Taking only the lines of the data below from the line with "Na jednym z" to the line with "查看更多 收起部分 喜欢就支持一下吧收藏", ends included, write them out exactly and without pictures.

** RECORDS FOR THE TASK follows **

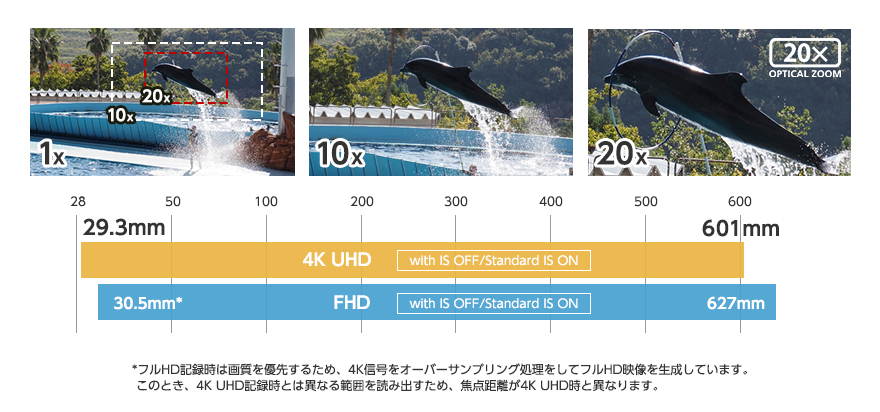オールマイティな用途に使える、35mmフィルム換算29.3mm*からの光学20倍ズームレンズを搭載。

** End of RECORDS FOR THE TASK **
** RECORDS FOR THE TASK follows **

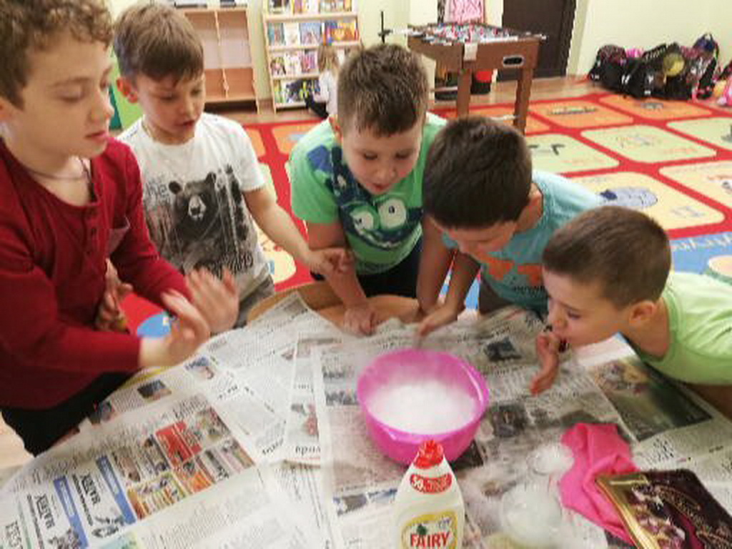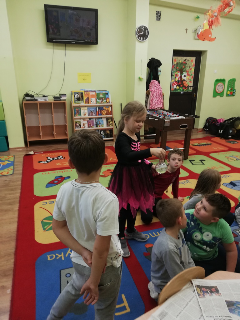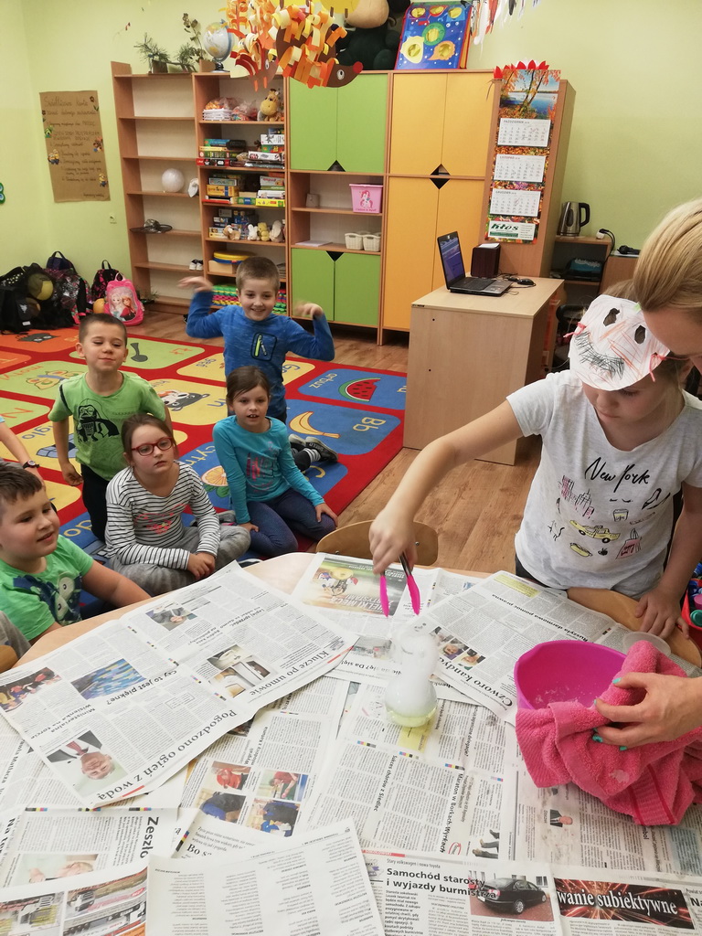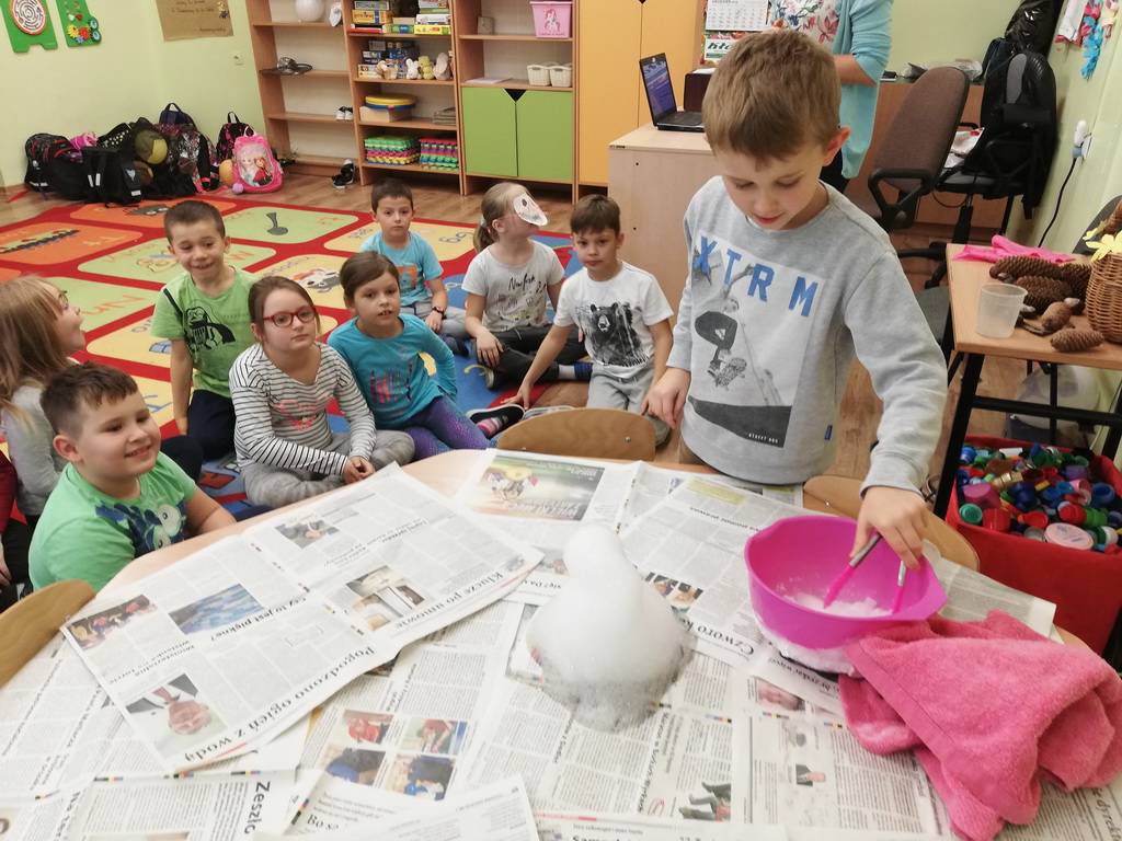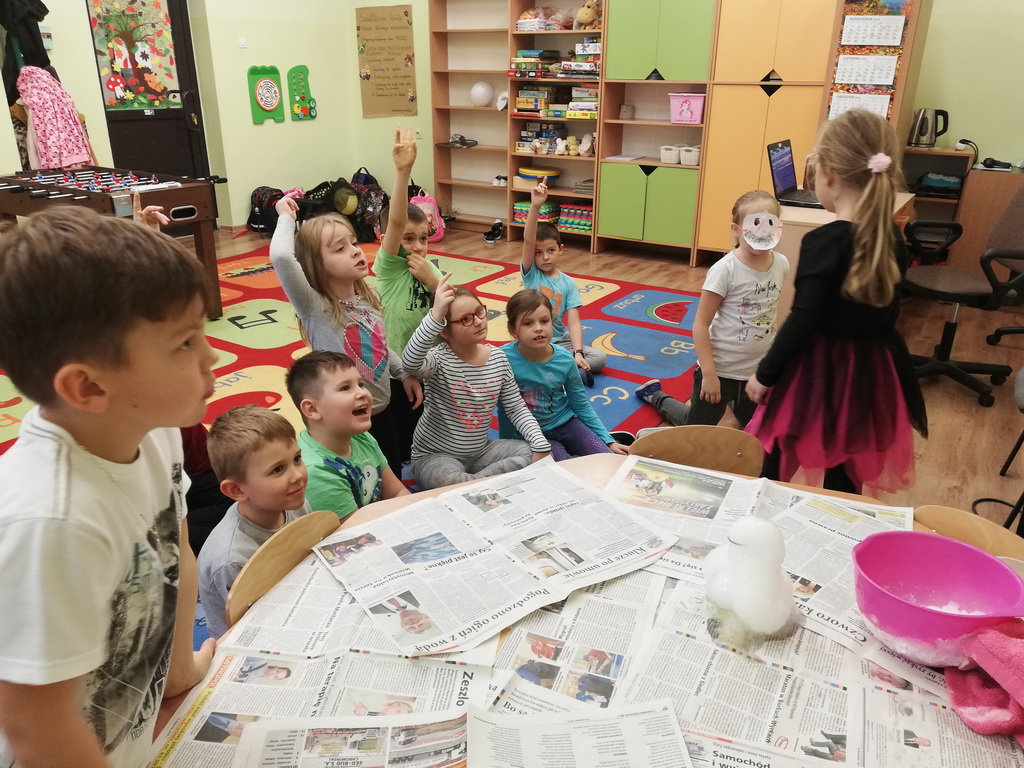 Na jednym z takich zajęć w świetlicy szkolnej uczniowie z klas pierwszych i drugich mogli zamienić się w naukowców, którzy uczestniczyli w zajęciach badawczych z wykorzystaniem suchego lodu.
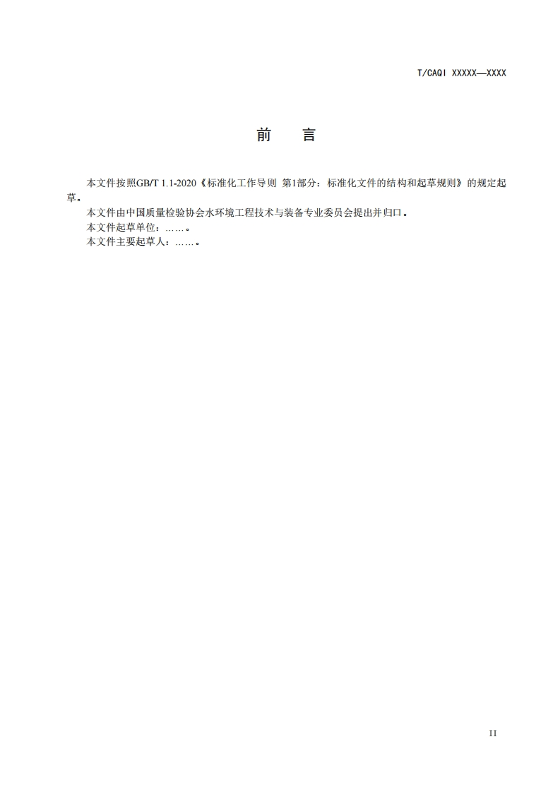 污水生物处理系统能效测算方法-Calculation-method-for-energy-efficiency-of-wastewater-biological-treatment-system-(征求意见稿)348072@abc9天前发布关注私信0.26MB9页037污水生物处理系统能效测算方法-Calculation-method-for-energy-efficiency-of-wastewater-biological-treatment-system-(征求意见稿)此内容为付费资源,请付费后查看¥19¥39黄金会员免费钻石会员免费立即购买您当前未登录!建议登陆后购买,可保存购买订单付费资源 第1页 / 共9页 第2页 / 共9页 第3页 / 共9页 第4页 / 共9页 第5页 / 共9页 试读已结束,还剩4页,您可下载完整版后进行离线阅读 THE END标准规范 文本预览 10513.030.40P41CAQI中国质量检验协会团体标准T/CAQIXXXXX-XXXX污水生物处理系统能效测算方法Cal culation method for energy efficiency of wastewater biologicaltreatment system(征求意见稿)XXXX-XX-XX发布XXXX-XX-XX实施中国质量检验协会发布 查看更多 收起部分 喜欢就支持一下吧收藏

** End of RECORDS FOR THE TASK **

SOLVED PROBLEM:
 Na jednym z takich zajęć w świetlicy szkolnej uczniowie z klas pierwszych i drugich mogli zamienić się w naukowców, którzy uczestniczyli w zajęciach badawczych z wykorzystaniem suchego lodu.
 污水生物处理系统能效测算方法-Calculation-method-for-energy-efficiency-of-wastewater-biological-treatment-system-(征求意见稿)348072@abc9天前发布关注私信0.26MB9页037污水生物处理系统能效测算方法-Calculation-method-for-energy-efficiency-of-wastewater-biological-treatment-system-(征求意见稿)此内容为付费资源,请付费后查看¥19¥39黄金会员免费钻石会员免费立即购买您当前未登录!建议登陆后购买,可保存购买订单付费资源 第1页 / 共9页 第2页 / 共9页 第3页 / 共9页 第4页 / 共9页 第5页 / 共9页 试读已结束,还剩4页,您可下载完整版后进行离线阅读 THE END标准规范 文本预览 10513.030.40P41CAQI中国质量检验协会团体标准T/CAQIXXXXX-XXXX污水生物处理系统能效测算方法Cal culation method for energy efficiency of wastewater biologicaltreatment system(征求意见稿)XXXX-XX-XX发布XXXX-XX-XX实施中国质量检验协会发布 查看更多 收起部分 喜欢就支持一下吧收藏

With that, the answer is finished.